Monday, November 1, 2010

The Rt Rev'd Bishop Barbara L. King a.k.a. Nana Yaa Twumwaa I

Bishop Barbara King During A Church Service at Hillside

By Frederick Nnoma-Addison

Like Dr. W.E.B DuBois, Shirley DuBois, the Reverend Leon H. Sullivan, Oprah Winfrey, Dr. Erieka Bennett (African Union Diaspora African Forum) and a few other notable Americans with a heart for Africa, the recently consecrated Bishop Barbara L. King (Nana Yaa Twumwaa) has successfully reconnected with her ancestral continent (Africa) and is impacting one country (Ghana) in a powerful way at age 80.

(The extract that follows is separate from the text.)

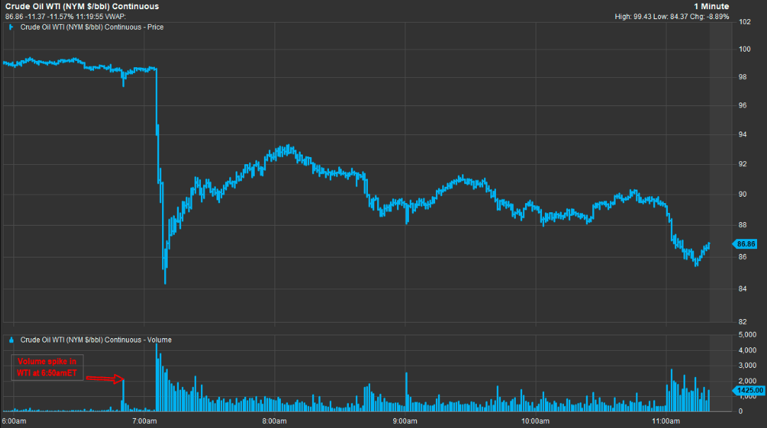 而就在此前一天(3月23日),美国总统特朗普曾通过社交平台Truth Social宣布了延后对伊军事打击的决定。但诡异的是,在这一政策突然转变前的约15分钟,期货市场和预测市场就率先出现了一波神秘的交易热潮。据道琼斯市场数据显示,当时不到两分钟内,价值超过7.6亿美元的期货合约易手。

She stands tall amongst both women and men, wears an interesting pair of spectacles, is naturally graceful and full of youthful energy. In my phone interview with her at her residence in Atlanta she remarked “…If you would take me dancing, I could dance all night…Honestly I don’t know what age is…we all have ideas and images of what an 80 year old should look like or be like. My thinking is energy… I am a child of God…”

On Sundays she is usually behind her pulpit at the Hillside Church on Cascade Road, South West, Atlanta feeding her congregation which numbers in the thousands or preaching in some city in the United States or abroad.


The founder and minister of Atlanta-based Hillside International Chapel and Truth Center was on September 26, 2010 consecrated as the first Bishop within the International New Thought Christian Movement of churches in a solemn ceremony attended by notables from all over the world. She was born in Houston, Texas in 1930 to a set of college students – Ms. Mildred Jackson Shackelford and Mr. Lee Andrew Lewis who was the first African American motion picture operator in Texas.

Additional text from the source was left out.